When not in the CR mode, a pool ignores nonexistent children, leading to states that the current code cannot handle well (yet). This patch restricts this CR behavior to the CR mode. (Ideally, we shall allow the healthy children to start and automatically exclude the nonexistent children in the future.)
To make pool start failures easier to spot, this patch adds a RAS event that is raised when we fail to start a pool.
Also, this patch
- fixes "-1" xstream IDs in messages logged during engine setup,
- fixes a few places where we should write "pool" instead of "pool service", including the name of an internal environment variable, and
- adds some infrequent log messages to help future debugging of engine start issues.
Steps for the author:
- [ ] Commit message follows the guidelines.
- [ ] Appropriate Features or Test-tag pragmas were used.
- [ ] Appropriate Functional Test Stages were run.
- [ ] At least two positive code reviews including at least one code owner from each category referenced in the PR.
- [ ] Testing is complete.
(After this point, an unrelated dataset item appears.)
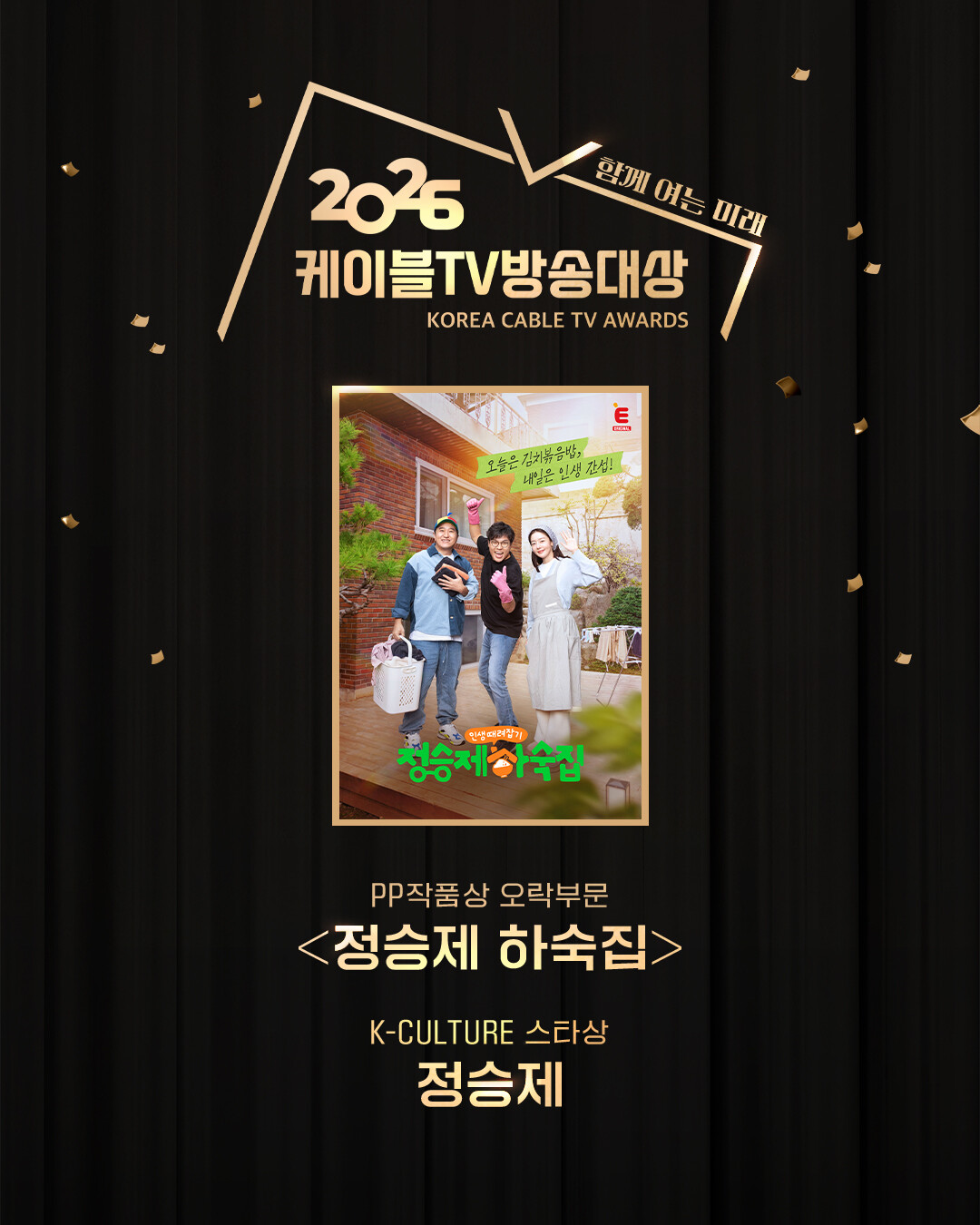 티캐스트 E채널 ‘정승제 하숙집’은 지난 15일 서울 마포구 호텔나루 서울 엠갤러리에서 열린 ‘2026 케이블TV방송대상’(주최 한국케이블TV방송협회)에서 오락 부분 작품상 수상작으로 선정되는 것은 물론, 출연자인 정승제가 K-컬쳐 스타상을 타는 경사를 맞았다.
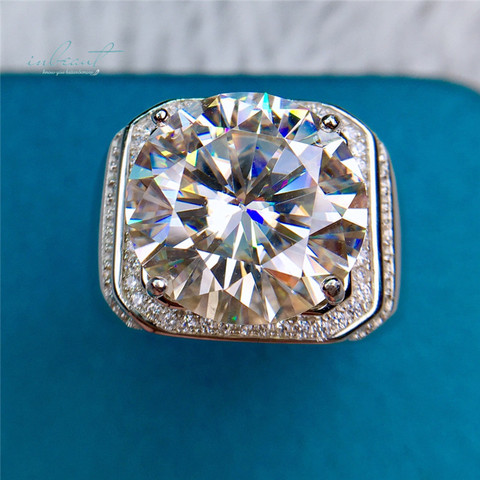 فضي أصلي 5 قيراط قطع رائعة اختبار تمرير الماس الأصلي أخضر غامق خاتم مويسانيتي للرجال هدية الزفاف مجوهرات راقية

If necessary, forced-landing label added and a reason added in a comment.
After all prior steps are complete:
- [ ] Gatekeeper requested (daos-gatekeeper added as a reviewer).
Ticket title is 'Aurora daos_perf: Cluster is failed to start rebuild after power cycle and loosing Three ranks' Status is 'In Progress' Labels: 'ALCF,alcf_cluster,alcf_test_rebuild,alcf_track' https://daosio.atlassian.net/browse/DAOS-17442
Not sure when CI will recover; requesting reviews before CI results.
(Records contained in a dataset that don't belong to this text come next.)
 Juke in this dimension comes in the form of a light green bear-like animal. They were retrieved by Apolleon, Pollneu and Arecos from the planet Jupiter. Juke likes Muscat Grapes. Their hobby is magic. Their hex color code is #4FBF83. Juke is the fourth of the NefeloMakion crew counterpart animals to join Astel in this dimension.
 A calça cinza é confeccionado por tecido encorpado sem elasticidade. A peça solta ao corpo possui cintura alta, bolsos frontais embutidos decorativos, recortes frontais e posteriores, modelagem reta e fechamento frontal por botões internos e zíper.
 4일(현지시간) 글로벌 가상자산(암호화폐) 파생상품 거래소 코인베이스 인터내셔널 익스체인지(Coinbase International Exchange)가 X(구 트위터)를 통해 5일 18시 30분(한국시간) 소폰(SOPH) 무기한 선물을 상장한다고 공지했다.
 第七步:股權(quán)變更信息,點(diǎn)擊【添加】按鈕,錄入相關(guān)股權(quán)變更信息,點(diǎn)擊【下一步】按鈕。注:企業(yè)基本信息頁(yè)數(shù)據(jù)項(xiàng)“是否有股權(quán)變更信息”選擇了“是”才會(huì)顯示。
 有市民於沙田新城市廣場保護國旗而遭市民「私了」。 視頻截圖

Test stage Unit Test on EL 8.8 completed with status FAILURE. https://jenkins-3.daos.hpc.amslabs.hpecorp.net/job/daos-stack/job/daos/job/PR-16376/6/display/redirect
Test stage Unit Test bdev on EL 8.8 completed with status FAILURE. https://jenkins-3.daos.hpc.amslabs.hpecorp.net/job/daos-stack/job/daos/job/PR-16376/6/display/redirect
Test stage Unit Test bdev on EL 8.8 completed with status FAILURE. https://jenkins-3.daos.hpc.amslabs.hpecorp.net/job/daos-stack/job/daos/job/PR-16376/7/display/redirect
Test stage Unit Test on EL 8.8 completed with status FAILURE. https://jenkins-3.daos.hpc.amslabs.hpecorp.net/job/daos-stack/job/daos/job/PR-16376/7/display/redirect
Test stage Functional Hardware Medium Verbs Provider MD on SSD completed with status FAILURE. https://jenkins-3.daos.hpc.amslabs.hpecorp.net//job/daos-stack/job/daos/view/change-requests/job/PR-16376/9/execution/node/1334/log
Test stage Functional Hardware Medium MD on SSD completed with status UNSTABLE. https://jenkins-3.daos.hpc.amslabs.hpecorp.net/job/daos-stack/job/daos//view/change-requests/job/PR-16376/9/testReport/
Both failures seem to be due to some RPC timeouts that I can't explain.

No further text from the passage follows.